DATA IN THIS EXERCISE.
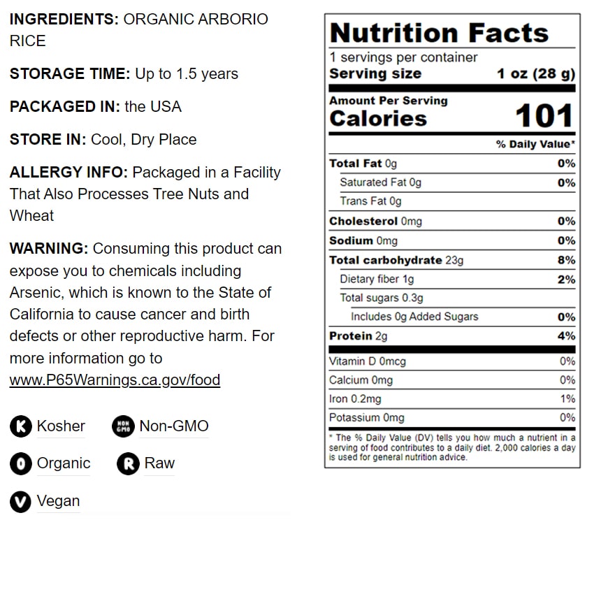 WARNING: Consuming this product can expose you to chemicals including Arsenic (inorganic arsenic compounds) which is known to the State of California to cause cancer. For more information go to www.P65Warnings.ca.gov/food
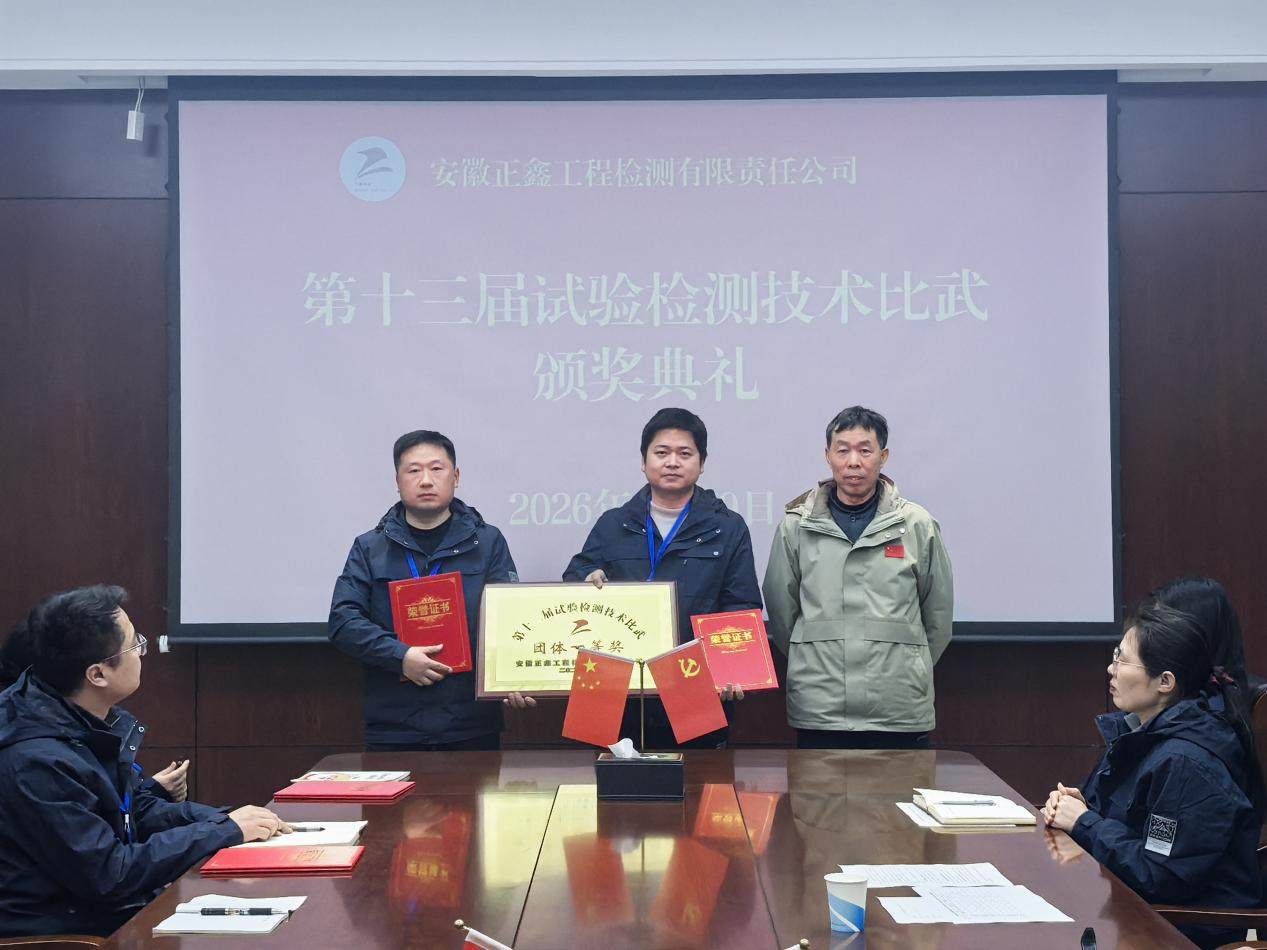 为全面夯实试验检测专业根基,锤炼高素质技术人才队伍,3月19日,正鑫检测公司隆重举办2026年第十三届试验检测技术比武大赛。经过多轮激烈角逐与严谨评审,大赛各项赛事圆满收官,颁奖典礼顺利举行。
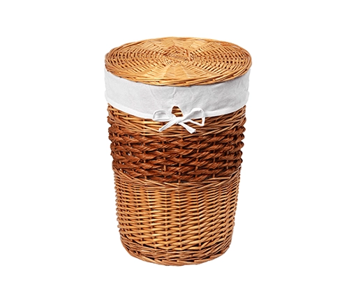 Назначение: Плетеная корзина. Материал: Прутья ивы, текстиль. Покрытие: Водоотталкивающее покрытие. Описание: Размер: 43 х 43 х 58 см* Съемный чехол можно стирать в машинке при температуре не выше 60 градусов.
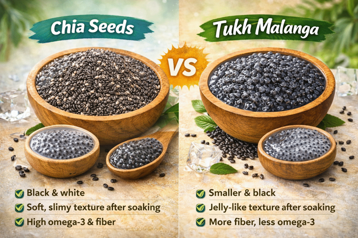 Tukh Malanga and chia seeds may resemble each other in appearance, but Tukh Malanga absorbs more water. Chia seeds, on the other hand, trend towards drier modes of operation.
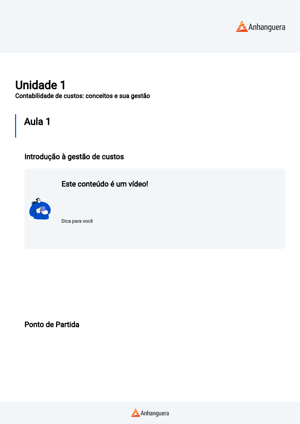 Disciplina ANÁLISE DE CUSTOS Unidade 1 Contabilidade de custos: conceitos e sua gestão Aula 1 Introdução à gestão de custos Introdução à gestão de custos Este conteúdo é um vídeo! Para assistir este conteúdo é necessário que você acesse o AVA pelo computador ou pelo aplicativo. Você pode baixar os vídeos direto no aplicativo para assistir mesmo sem conexão à internet. Dica para você Aproveite o acesso para baixar os slides do vídeo, isso pode deixar sua aprendizagem ainda mais completa. Olá, estudante! Nesta videoaula, você vai obter mais informações sobre a introdução à gestão de custos. Este conteúdo é importante para a sua prática pro�ssional, pois a contabilidade é uma ciência com o objetivo de mensurar, registrar, interpretar e avaliar as mudanças que possam vir a ocorrer na estrutura patrimonial de uma organização. Isso signi�ca que a contabilidade fornece aos seus usuários dados e informações sobre a situação econômica e �nanceira da empresa. Prepare-se para esta jornada de conhecimento! Vamos lá! Ponto de Partida A Best Foods é uma organização familiar, atuante no ramo de processamento de alimentos há vinte anos. É uma empresa que fornece alimentos para hotéis, restaurantes, bares, além de empresas para eventos corporativos. O quadro funcional compõe-se atualmente por 75 funcionários, tendo capacidade de produção de 15 toneladas de alimentos por mês. O investimento em equipamentos e estruturação foi de R$ 12.000.000,00, cujo retorno os proprietários esperam que seja no médio prazo. O trabalho inicial será classi�car os gastos em custos e despesas, projetando os valores totais para os próximos dois meses a �m de veri�car a evolução dos gastos nos períodos. O volume de Disciplina ANÁLISE DE CUSTOS produção para o mês 1 está estimado em 123.500 unidades; para o mês 2, em 128.200 unidades. Os dados existentes nos controles da empresa estão descritos conforme o quadro a seguir: Custo unitário (mês 1) Custo unitário (mês 2) Material escritório R$ 0,08 R$ 0,03 Energia (produção) R$ 0,02 R$ 0,03 Matéria-prima e transporte R$ 0,23 R$ 0,20 Fretes R$ 0,03 R$ 0,03 Mão de obra (produção) R$ 0,32 R$ 0,34 Salários (administração) R$ 0,50 R$ 0,40 Quadro 1 | Composição dos gastos Best Foods. Fonte: Paim (2016). Para esta atividade, é preciso estudar as informações contábeis, suas regras, o conceito da contabilidade de custos e sua formação, além do uso de terminologias utilizadas para o setor industrial, que é o nosso exemplo, e para o setor de serviços. A contabilidade é a base das discussões para as �nanças. Todas as organizações são obrigadas a prestar contas sobre seu patrimônio, utilizando-se da contabilidade. Entretanto, é possível utilizar os dados contábeis para tomar decisões gerenciais, por exemplo: avaliar os resultados passados para prospectar o futuro. Assim, entender a dinâmica dos gastos da empresa é um ponto de partida para olhar dados contábeis de forma mais gerencial Vamos Começar! Fundamentos da contabilidade Para uma compreensão do uso da contabilidade de custos como ferramenta de gestão, é preciso reportar-nos à contabilidade para entendermos quais são as regras e os fundamentos que devem ser lembrados quando se utilizarem os conceitos e a aplicação da gestão dos custos para tomada de decisão na empresa. Como ponto de partida, vale ressaltar que a contabilidade é uma ciência com o objetivo de mensurar, registrar, interpretar e avaliar as mudanças que possam vir a ocorrer na estrutura patrimonial de uma organização. Isso signi�ca que a contabilidade fornece aos seus usuários dados e informações sobre a situação econômica e �nanceira da empresa. Se a contabilidade tem como foco de trabalho o patrimônio, o que ele vem a ser, então? Podemos resumir que o patrimônio se refere a tudo o que uma entidade possua de bens e direitos, e tudo aquilo que possua de obrigações. Ou seja, o patrimônio é formado por tudo que uma empresa tem e tudo o que possui em dívidas. Para estruturar o patrimônio de uma entidade, a regra estabelece que todos os bens e direitos existentes sejam denominados como “ativo”. Todas as obrigações da entidade, por sua vez, serão chamadas de “passivo”. Percebe-se, nesse sentido, que a classi�cação dos elementos patrimoniais deve obedecer às regras que demonstram a dimensão patrimonial das organizações. É importante ressaltar que, considerando-se a separação dos elementos patrimoniais em ativo e passivo, dentro desses dois grupos, os itens são classi�cados também em itens de curto prazo, Disciplina ANÁLISE DE CUSTOS denominados circulantes, e itens de longo prazo, denominados não circulantes. É uma maneira de organizar os dados do patrimônio a �m de permitir a interpretação. Além dessa separação que deve ser feita, as entidades mensuram a performance obtida dentro de um determinado período. A contabilidade a divide em elementos de resultados, ou seja, tudo o que a empresa gera de faturamento e todo o gasto advindo das atividades propiciarão um resultado positivo ou negativo. Nesse contexto, os eventos �nanceiros gerados pelas entidades devem ser registrados em sua contabilidade, obedecendo aos princípios que regem essas contabilizações, de maneira que possam atender aos preceitos da evidenciação aos quais toda entidade está obrigada a proceder no tocante ao processo de prestação de contas. De que maneira, então, as entidades fazem essas evidenciações? As demonstrações �nanceiras correspondem ao caminho pelo qual se apresenta essa “prestação de contas” das entidades para a sociedade. Trata-se de uma representação monetária, de forma estruturada, sobre as transações realizadas por uma entidade a cada período. Portanto, percebemos que a contabilidade é a base para as discussões dos assuntos relacionados às �nanças. O sucesso no gerenciament

YOUR ASSIGNMENT. Without including the pictures, copy all of the data exactly.

ANSWER AREA.
 WARNING: Consuming this product can expose you to chemicals including Arsenic (inorganic arsenic compounds) which is known to the State of California to cause cancer. For more information go to www.P65Warnings.ca.gov/food
 为全面夯实试验检测专业根基,锤炼高素质技术人才队伍,3月19日,正鑫检测公司隆重举办2026年第十三届试验检测技术比武大赛。经过多轮激烈角逐与严谨评审,大赛各项赛事圆满收官,颁奖典礼顺利举行。
 Назначение: Плетеная корзина. Материал: Прутья ивы, текстиль. Покрытие: Водоотталкивающее покрытие. Описание: Размер: 43 х 43 х 58 см* Съемный чехол можно стирать в машинке при температуре не выше 60 градусов.
 Tukh Malanga and chia seeds may resemble each other in appearance, but Tukh Malanga absorbs more water. Chia seeds, on the other hand, trend towards drier modes of operation.
 Disciplina ANÁLISE DE CUSTOS Unidade 1 Contabilidade de custos: conceitos e sua gestão Aula 1 Introdução à gestão de custos Introdução à gestão de custos Este conteúdo é um vídeo! Para assistir este conteúdo é necessário que você acesse o AVA pelo computador ou pelo aplicativo. Você pode baixar os vídeos direto no aplicativo para assistir mesmo sem conexão à internet. Dica para você Aproveite o acesso para baixar os slides do vídeo, isso pode deixar sua aprendizagem ainda mais completa. Olá, estudante! Nesta videoaula, você vai obter mais informações sobre a introdução à gestão de custos. Este conteúdo é importante para a sua prática pro�ssional, pois a contabilidade é uma ciência com o objetivo de mensurar, registrar, interpretar e avaliar as mudanças que possam vir a ocorrer na estrutura patrimonial de uma organização. Isso signi�ca que a contabilidade fornece aos seus usuários dados e informações sobre a situação econômica e �nanceira da empresa. Prepare-se para esta jornada de conhecimento! Vamos lá! Ponto de Partida A Best Foods é uma organização familiar, atuante no ramo de processamento de alimentos há vinte anos. É uma empresa que fornece alimentos para hotéis, restaurantes, bares, além de empresas para eventos corporativos. O quadro funcional compõe-se atualmente por 75 funcionários, tendo capacidade de produção de 15 toneladas de alimentos por mês. O investimento em equipamentos e estruturação foi de R$ 12.000.000,00, cujo retorno os proprietários esperam que seja no médio prazo. O trabalho inicial será classi�car os gastos em custos e despesas, projetando os valores totais para os próximos dois meses a �m de veri�car a evolução dos gastos nos períodos. O volume de Disciplina ANÁLISE DE CUSTOS produção para o mês 1 está estimado em 123.500 unidades; para o mês 2, em 128.200 unidades. Os dados existentes nos controles da empresa estão descritos conforme o quadro a seguir: Custo unitário (mês 1) Custo unitário (mês 2) Material escritório R$ 0,08 R$ 0,03 Energia (produção) R$ 0,02 R$ 0,03 Matéria-prima e transporte R$ 0,23 R$ 0,20 Fretes R$ 0,03 R$ 0,03 Mão de obra (produção) R$ 0,32 R$ 0,34 Salários (administração) R$ 0,50 R$ 0,40 Quadro 1 | Composição dos gastos Best Foods. Fonte: Paim (2016). Para esta atividade, é preciso estudar as informações contábeis, suas regras, o conceito da contabilidade de custos e sua formação, além do uso de terminologias utilizadas para o setor industrial, que é o nosso exemplo, e para o setor de serviços. A contabilidade é a base das discussões para as �nanças. Todas as organizações são obrigadas a prestar contas sobre seu patrimônio, utilizando-se da contabilidade. Entretanto, é possível utilizar os dados contábeis para tomar decisões gerenciais, por exemplo: avaliar os resultados passados para prospectar o futuro. Assim, entender a dinâmica dos gastos da empresa é um ponto de partida para olhar dados contábeis de forma mais gerencial Vamos Começar! Fundamentos da contabilidade Para uma compreensão do uso da contabilidade de custos como ferramenta de gestão, é preciso reportar-nos à contabilidade para entendermos quais são as regras e os fundamentos que devem ser lembrados quando se utilizarem os conceitos e a aplicação da gestão dos custos para tomada de decisão na empresa. Como ponto de partida, vale ressaltar que a contabilidade é uma ciência com o objetivo de mensurar, registrar, interpretar e avaliar as mudanças que possam vir a ocorrer na estrutura patrimonial de uma organização. Isso signi�ca que a contabilidade fornece aos seus usuários dados e informações sobre a situação econômica e �nanceira da empresa. Se a contabilidade tem como foco de trabalho o patrimônio, o que ele vem a ser, então? Podemos resumir que o patrimônio se refere a tudo o que uma entidade possua de bens e direitos, e tudo aquilo que possua de obrigações. Ou seja, o patrimônio é formado por tudo que uma empresa tem e tudo o que possui em dívidas. Para estruturar o patrimônio de uma entidade, a regra estabelece que todos os bens e direitos existentes sejam denominados como “ativo”. Todas as obrigações da entidade, por sua vez, serão chamadas de “passivo”. Percebe-se, nesse sentido, que a classi�cação dos elementos patrimoniais deve obedecer às regras que demonstram a dimensão patrimonial das organizações. É importante ressaltar que, considerando-se a separação dos elementos patrimoniais em ativo e passivo, dentro desses dois grupos, os itens são classi�cados também em itens de curto prazo, Disciplina ANÁLISE DE CUSTOS denominados circulantes, e itens de longo prazo, denominados não circulantes. É uma maneira de organizar os dados do patrimônio a �m de permitir a interpretação. Além dessa separação que deve ser feita, as entidades mensuram a performance obtida dentro de um determinado período. A contabilidade a divide em elementos de resultados, ou seja, tudo o que a empresa gera de faturamento e todo o gasto advindo das atividades propiciarão um resultado positivo ou negativo. Nesse contexto, os eventos �nanceiros gerados pelas entidades devem ser registrados em sua contabilidade, obedecendo aos princípios que regem essas contabilizações, de maneira que possam atender aos preceitos da evidenciação aos quais toda entidade está obrigada a proceder no tocante ao processo de prestação de contas. De que maneira, então, as entidades fazem essas evidenciações? As demonstrações �nanceiras correspondem ao caminho pelo qual se apresenta essa “prestação de contas” das entidades para a sociedade. Trata-se de uma representação monetária, de forma estruturada, sobre as transações realizadas por uma entidade a cada período. Portanto, percebemos que a contabilidade é a base para as discussões dos assuntos relacionados às �nanças. O sucesso no gerenciament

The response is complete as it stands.